Real estate prices are low, which means that now is a good time to buy, of course. But the economy is floundering, and just because you want to own rental property investment or two, does not mean you have the cash. With a little creativity, you can buy without any money or a lot, and the benefits of low property prices, while the market is in stagnation.
Avenue 1: Your Home Equity
This is entirely possible that you have sufficient equity in your home to draw cash, in the form of a second mortgage or home equity line of credit (HELOC), to cover the cost of buying an investment property.
How much equity do you have? Well, you know how much we owe to your home (the balance of your mortgage and other debts and secured against him), and then subtracted from its market value (if you do not know what it is, check Zillow.com Cyberhomes.com or to obtain an overall view), and the difference between its debt and the value of your capital.
If you decide to pull out money from your home, try to HELOC first. Often they come with little or no closing costs, which is great, and they are flexible.

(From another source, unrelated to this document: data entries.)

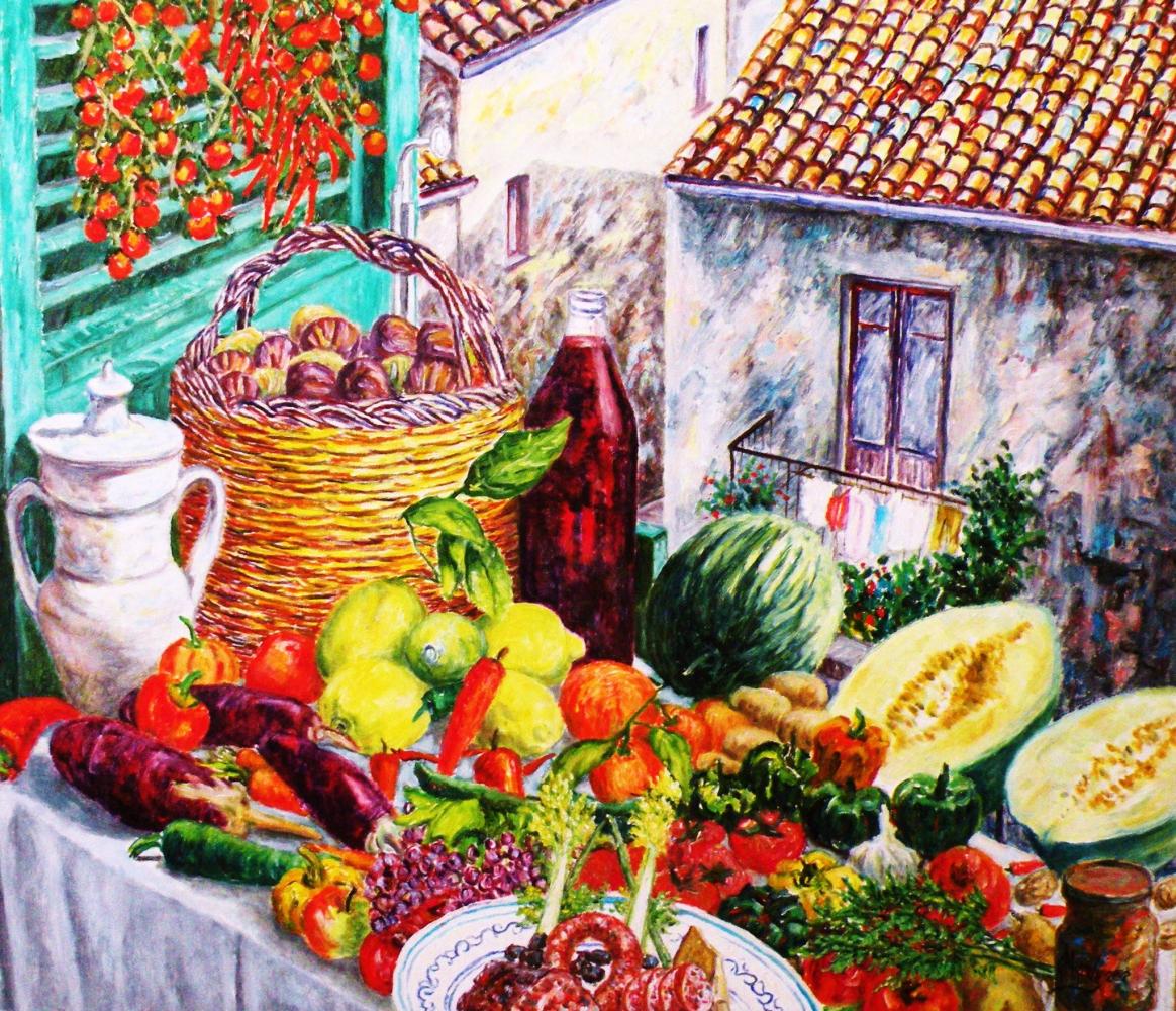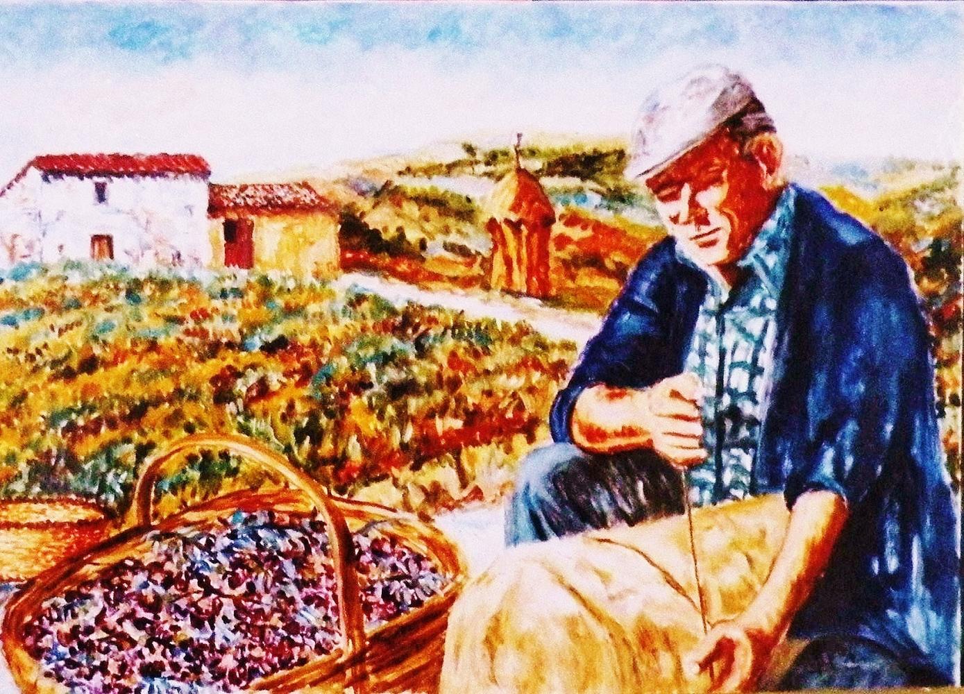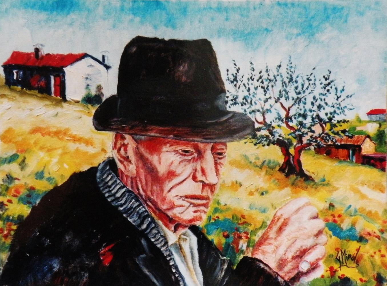 Al centro di qualsiasi lavoro , o che si erga maestoso a contendere il passo ai venti o che si abbarbichi tenacemente fra i sassi e i pendii scoscesi, sta un ULIVO , questa pianta sempre verde che l' artista simboleggia le energie più vitali dell' uomo stesso.
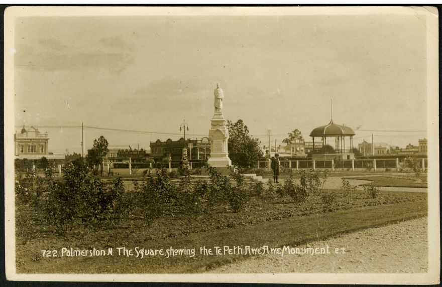 "Looking across The Square with Te Peeti Te Awe Awe memorial in foreground, past the Band Rotunda to Main Street (with Childs Hotel on corner).
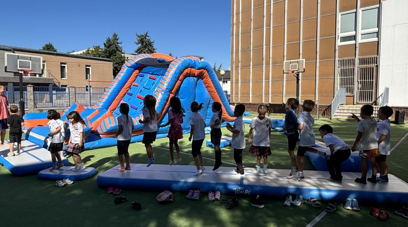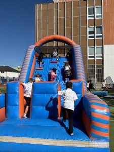 The back play area was transformed into an exciting adventure zone, filled with giant inflatable mats and a bounce slide. The children had an amazing time climbing, sliding, jumping, and cheering each other on.
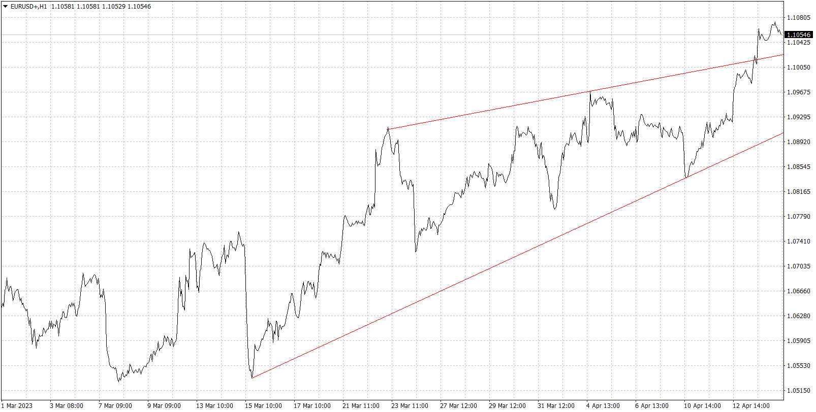Wykres kursu euro do dolara, interwał 1-godzinowy
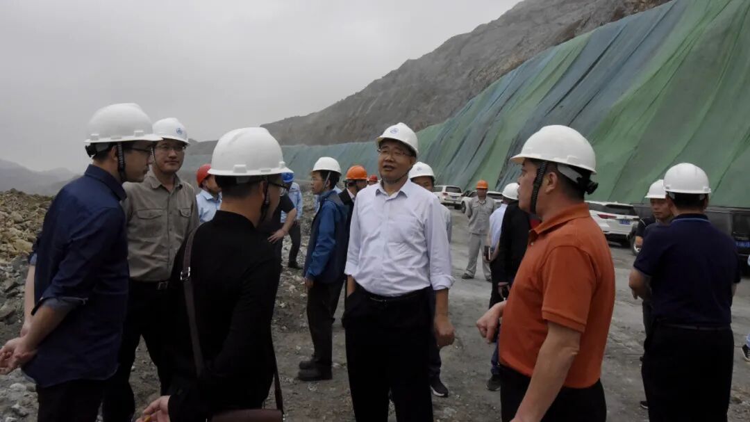 专家组在公司党委书记、执行董事、总经理巫建平,广晟有色副总裁喻鸿,公司副总经理周永孝与相关单位负责人的陪同下,先后前往采场、排土场、凡洞村尾矿库等地对330万t/a铜硫采矿工程项目中的露天采场工程、矿岩运输系统、供配电系统、排土场(453坡脚坝工程、截水沟、排水沟)等重点工程进行实地核查。
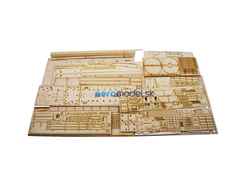 Po otevření víka krabice naleznete dřevěné díly modelu z překližky, sadu lišt, drobné součásti uzavřené v plastovém průhledném blistru, sadu výkresů a manuál.
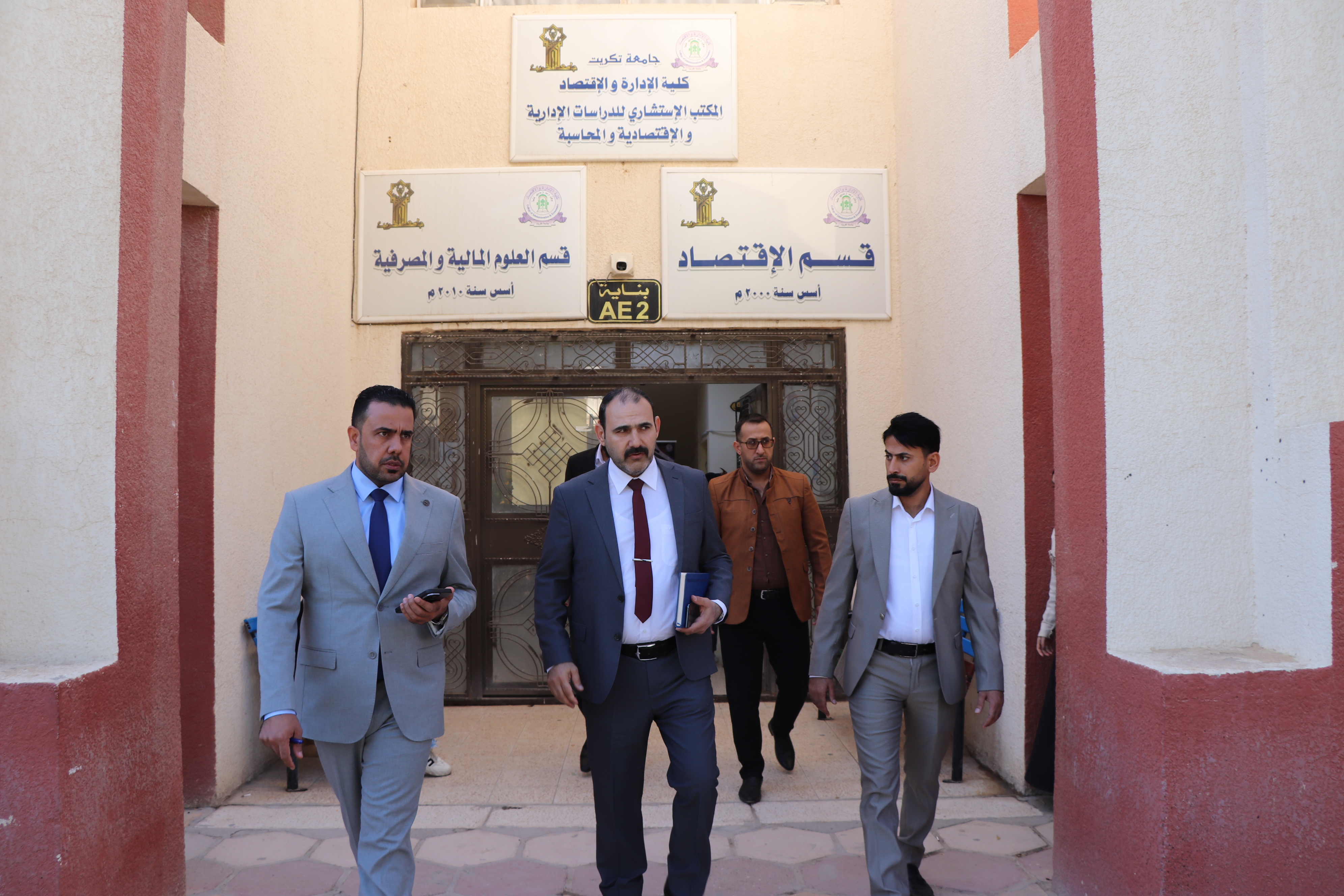 وكان في استقبال اللجنة الأستاذ المساعد الدكتور قتيبة إبراهيم حمادة، معاون العميد لشؤون الطلبة، وا.م.د. عمر عبد الله محمد رئيس قسم الاقتصاد، وم.د. احمد عايد مخلف رئيس قسم ادارة التسويق، حيث قدّم السيد معاون العميد شرحًا وافيًا عن استعدادات الكلية وخطتها الأكاديمية. وأشاد خلال لقائه مع اللجنة بالدعم المستمر الذي توليه الجامعة لتطوير البيئة التعليمية وفتح آفاق تخصصية تلائم التطورات الحديثة في الإدارة والاقتصاد.
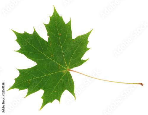 Green maple leaf on white background

Think HELOC as a credit card, except with a much lower interest rates already offered by the bank as collateral in the form of the house.
Application of the house may still not be for you if you do not have equity or if you do not like the sound of additional debt related directly to the house. Fortunately, there are other options.
Avenue 2: The seller to negotiate the second-Held
In cold markets (like, say, Ice Age, it is now suffering), sales tend to become desperate. This means that they will be extremely yielding when it comes to agreeing to hold a mortgage on the difference between what your bank and borrow the purchase price (down payment). Alternatively, you can negotiate seller concessions, which is essentially a real estate equivalent of “Cash Back” at the time of purchase.
That being said, it’s a negotiation, and you will probably have to offer them something in return, to convince them to agree on one or both of these solutions. This could mean a full bid price, or a rapid settlement, or other gift for them, but this is a big buyer’s market, so use a combination of patience and aggressive negotiations in order to ensure that very much.
Avenue 3: Obtain grants
You shall be surprised how many people are actually eligible for grants, despite the initial reaction. The most difficult is to find them, because each of them would benefit if they were common knowledge or readily available. First, check with your local municipal government and ask for minority / women-owned business grants (if applicable), or subsidies to encourage investment in low-income neighborhoods. Hit the Internet and search high and low subsidies for investment in the area, and dig deep. Non-profit organizations often large government grants, and then looks for investors to pass them on to, and thus acting as a middle man, so look for these as well. To find work for these programs, but they are out there, and if you intend to pay for them in the form of taxes, as well as you have to put it good use.
Anyone can become a real estate investor, with or without massive savings. Beauty is that once you start, you need to create any value from real estate investment portfolio, which may be sold or used to finance the purchase NEXT lease. There has never been a better time to buy, so start thinking creatively, and let you build your empire of real estate.